Eu nem pretendia falar sobre esse episódio esdrúxulo da separação desse casal, e nem vou entrar em detalhes sobre isso aqui. Quem quiser saber mais pode procurar por aí. O que eu observei foi o quão deprimentes se tornaram as milhares de notícias que se espalharam a respeito, incluindo as tradicionais chacotas pelas redes sociais. A perversidade marketeira e a violência contra a capacidade do ser humano em raciocinar com um mínimo de esforço estão tão banalizadas que quase ninguém se choca mais com nada vindo desse pântano fedorento das subcelebridades.

Quando digo “quase ninguém”, me incluo fora disso, porque num país onde qualquer tragédia ou episódio de horror acaba virando meme, talvez eu não devesse mais me indignar com essa história do Belo. No entanto, nos últimos dias, não teve como desviar dos detalhes grotescos dessa separação, e o pior foi o choro falso do Belo em cima do palco num estádio estranhíssimo lotado aqui em São Paulo, logo no primeiro show da tal turnê de 30 anos do Soweto, que é outra cascata, porque o grupo também nunca ficou 30 anos reunido.

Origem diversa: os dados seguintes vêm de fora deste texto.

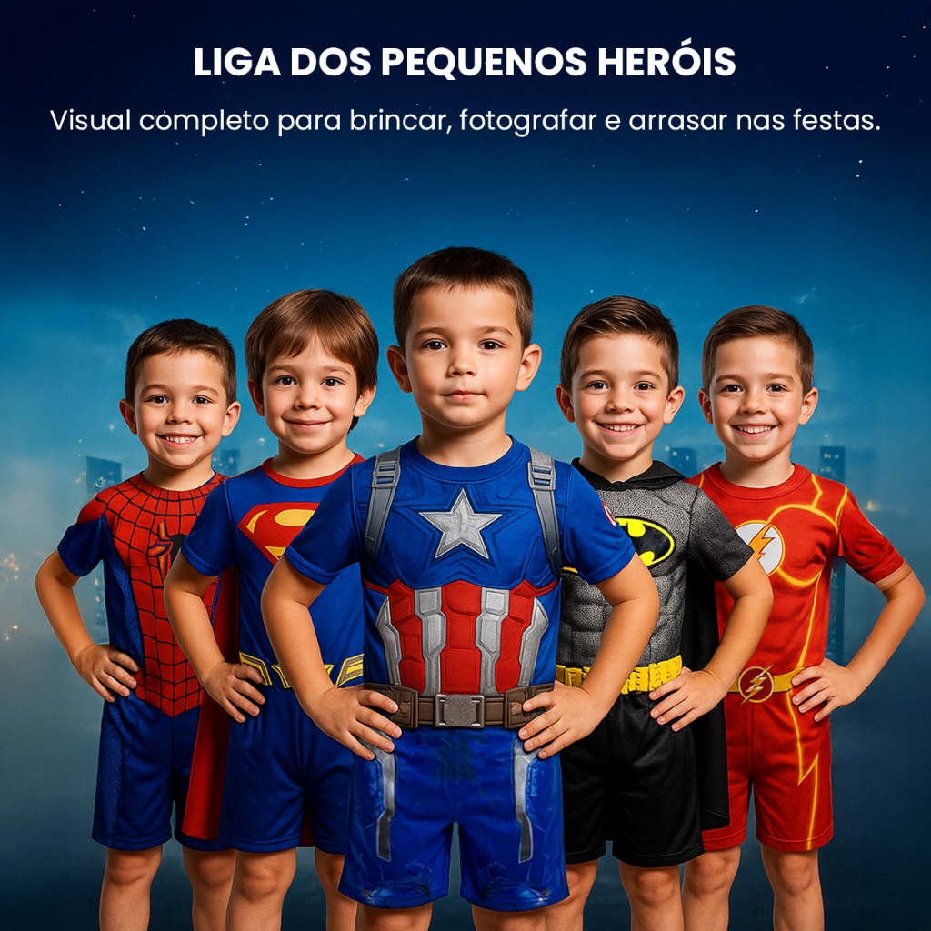 Fantasia Infantil Menino Super Heróis Aniversário Hulk Homem-Aranha Superman Batman Flash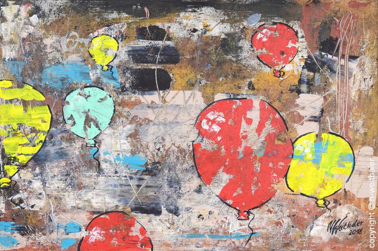 Balloons float in the air with ease. Carefree and free, they move in the air.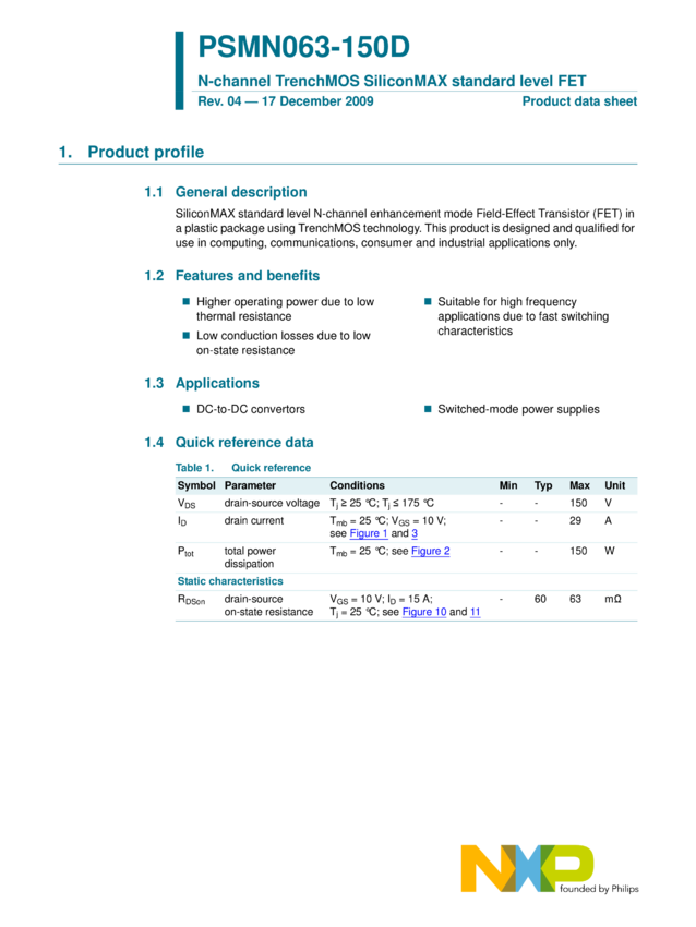 PSMN063-150D N-channel TrenchMOS SiliconMAX standard level FET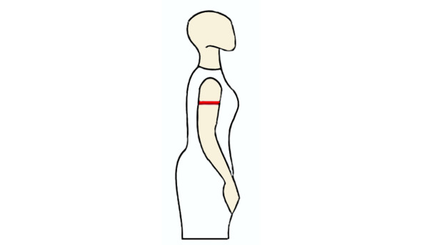 Измеряется горизонтально касательно подмышечных впадин по свободно опущенной руке.

Foi uma cena que rodou a internet, convenientemente filmada e compartilhada, e depois explicada numa entrevista para o Multishow, claro, onde mais poderia ser? O Belo teve o disparate de dizer que só compareceu ao show no Allianz Park porque, abre aspas, “Ele ama o trabalho dele, né? Ele ama a arte e ele não deixaria de entregar isso pro público, ele, né? Que é o que ele faz desde criança, apesar de qualquer adversidade, apesar de qualquer coisa que ele esteja passando”, sério, é uma daquelas coisas que dá vontade de quebrar a TV. Uma picaretagem grotesca, o cara usando a…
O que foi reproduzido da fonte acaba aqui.